Solve the following ODE $$\frac{dy}{dt} = ye^{-t}$$ to $t=6$. Plot the resulting function $y(t)$. The initial condition is $y_0=1$.
Solve the following rate equation for a coal particle in a furnace. $$ \frac{dT}{dt} = \left(\frac{hA}{m c_p}(T_f - T) + \frac{\sigma A}{m c_p}(T_f^4-T^4)\right).$$
The initial particle temperature is $T_0=500$ K.
Use D=100 $\mu$m, tend = 0.05 s.
The following data is given:
Variable | Value | Units |
---|---|---|
$\rho_p$ | 1000 | kg/m$^3$ |
$c_p$ | 1380 | J/kg$\cdot$K |
$k$ | 0.1 | W/m$\cdot$K |
$Nu$ | 2 | -- |
$\sigma$ | 5.67E-8 | W/m$^2$K$^4$ |
$T_f$ | 1500 | K |
Also, the area, mass and Nusselt number $Nu$ are given, respectively, by: $$ A = \pi D^2, $$ $$ m = \frac{\pi}{6}D^3\rho_p,$$ $$ Nu = \frac{hD}{k}.$$
Plot the particle temperature as a function of time. Label and format your plot (include units).

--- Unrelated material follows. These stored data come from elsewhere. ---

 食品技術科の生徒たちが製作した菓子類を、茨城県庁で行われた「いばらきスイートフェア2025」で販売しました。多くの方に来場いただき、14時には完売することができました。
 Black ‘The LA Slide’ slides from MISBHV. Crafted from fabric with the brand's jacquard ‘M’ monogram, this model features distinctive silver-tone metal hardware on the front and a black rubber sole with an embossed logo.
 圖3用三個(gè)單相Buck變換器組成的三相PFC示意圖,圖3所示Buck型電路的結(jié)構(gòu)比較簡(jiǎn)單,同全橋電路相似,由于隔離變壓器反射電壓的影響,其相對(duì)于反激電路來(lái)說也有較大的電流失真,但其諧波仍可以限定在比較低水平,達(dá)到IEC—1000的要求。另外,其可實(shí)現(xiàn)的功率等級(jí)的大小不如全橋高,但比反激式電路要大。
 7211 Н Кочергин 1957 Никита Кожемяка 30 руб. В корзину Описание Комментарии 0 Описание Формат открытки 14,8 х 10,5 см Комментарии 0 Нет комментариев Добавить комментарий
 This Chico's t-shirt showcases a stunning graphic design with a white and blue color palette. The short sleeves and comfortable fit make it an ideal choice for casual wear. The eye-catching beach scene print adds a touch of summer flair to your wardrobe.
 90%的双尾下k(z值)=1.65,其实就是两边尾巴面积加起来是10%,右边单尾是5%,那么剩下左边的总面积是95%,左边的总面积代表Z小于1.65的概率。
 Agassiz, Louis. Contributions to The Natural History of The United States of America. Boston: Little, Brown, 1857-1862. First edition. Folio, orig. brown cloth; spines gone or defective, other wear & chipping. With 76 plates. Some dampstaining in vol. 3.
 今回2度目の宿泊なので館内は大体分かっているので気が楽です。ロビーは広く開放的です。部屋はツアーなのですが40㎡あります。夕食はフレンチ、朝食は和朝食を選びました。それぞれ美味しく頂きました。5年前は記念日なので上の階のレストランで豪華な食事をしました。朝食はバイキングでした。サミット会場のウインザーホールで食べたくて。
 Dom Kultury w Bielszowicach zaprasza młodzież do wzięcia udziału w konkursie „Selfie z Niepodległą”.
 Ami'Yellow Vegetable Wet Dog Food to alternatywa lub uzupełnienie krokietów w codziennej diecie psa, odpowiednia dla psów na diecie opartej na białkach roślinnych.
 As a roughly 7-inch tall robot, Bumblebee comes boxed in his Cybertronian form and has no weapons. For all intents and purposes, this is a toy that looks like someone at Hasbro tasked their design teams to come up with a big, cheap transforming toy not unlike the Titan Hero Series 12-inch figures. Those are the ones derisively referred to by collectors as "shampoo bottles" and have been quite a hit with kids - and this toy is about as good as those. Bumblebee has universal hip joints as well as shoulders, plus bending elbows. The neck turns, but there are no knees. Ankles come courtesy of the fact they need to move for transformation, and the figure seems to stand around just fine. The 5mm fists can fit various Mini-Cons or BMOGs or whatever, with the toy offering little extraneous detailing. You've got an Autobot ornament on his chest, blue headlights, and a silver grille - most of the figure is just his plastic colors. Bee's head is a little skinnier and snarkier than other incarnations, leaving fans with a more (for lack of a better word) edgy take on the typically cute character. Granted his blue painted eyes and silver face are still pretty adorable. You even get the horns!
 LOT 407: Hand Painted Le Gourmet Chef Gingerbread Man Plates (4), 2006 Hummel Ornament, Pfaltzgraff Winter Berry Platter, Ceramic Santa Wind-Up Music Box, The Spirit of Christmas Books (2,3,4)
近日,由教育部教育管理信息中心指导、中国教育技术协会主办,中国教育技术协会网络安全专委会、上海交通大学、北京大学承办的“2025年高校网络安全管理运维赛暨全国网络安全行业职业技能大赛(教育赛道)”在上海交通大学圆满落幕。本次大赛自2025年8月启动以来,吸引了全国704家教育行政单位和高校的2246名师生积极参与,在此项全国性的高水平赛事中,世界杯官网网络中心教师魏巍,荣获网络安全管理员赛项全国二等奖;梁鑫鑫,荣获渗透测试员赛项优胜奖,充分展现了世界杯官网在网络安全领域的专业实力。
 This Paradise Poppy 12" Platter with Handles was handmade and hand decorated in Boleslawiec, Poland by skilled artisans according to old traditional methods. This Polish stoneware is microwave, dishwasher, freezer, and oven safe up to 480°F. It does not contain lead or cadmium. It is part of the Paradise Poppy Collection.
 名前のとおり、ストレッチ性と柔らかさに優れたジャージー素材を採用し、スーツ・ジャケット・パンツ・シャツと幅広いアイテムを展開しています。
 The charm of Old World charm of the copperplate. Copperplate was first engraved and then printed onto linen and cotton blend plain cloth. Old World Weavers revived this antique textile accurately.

We are performing a chemical reaction as follows.
$$\mbox{Rxn 1: }\phantom{xxx} A+B\rightarrow C $$$$\mbox{Rxn 2: }\phantom{xxx} B+C\rightarrow D $$Here, symbols $A$, $B$, $C$, $D$ denote species concentrations in mol/L. The initial concentrations are $A_0=1$, $B_0=1$, $C_0=0$, $D_0=0$. Also, $k_1=1\,L/mol*s$, and $k_2=1.5\,L/mol*s$. The concentrations obey the following rate equations: $$ \frac{dA}{dt} = -k_1AB,$$ $$ \frac{dB}{dt} = -k_1AB - k_2BC,$$ $$ \frac{dC}{dt} = k_1AB - k_2BC,$$ $$ \frac{dD}{dt} = k_2BC.$$
Solve for the concentrations of $A$, $B$, $C$, and $D$ as functions of time to $t=3$ s.
Also, once the species concentrations are found, compute the selectivity defined as $S=C/(C+D)$ as a function of time. (S is initially undefined (since C and D are zero), but you can set it equal to 1 at t=0 since C forms before D.
Plot the concentrations of A, B, C, and D, and also selectivity S, as functions of time on the same plot. Label the axes as "time (s)" and “concentration (mol/L)”. Include a legend so we can see what the curves correspond to.
What can you do to maximize your selectivity? Consider $k_1$, $k_2$ and initial concentrations.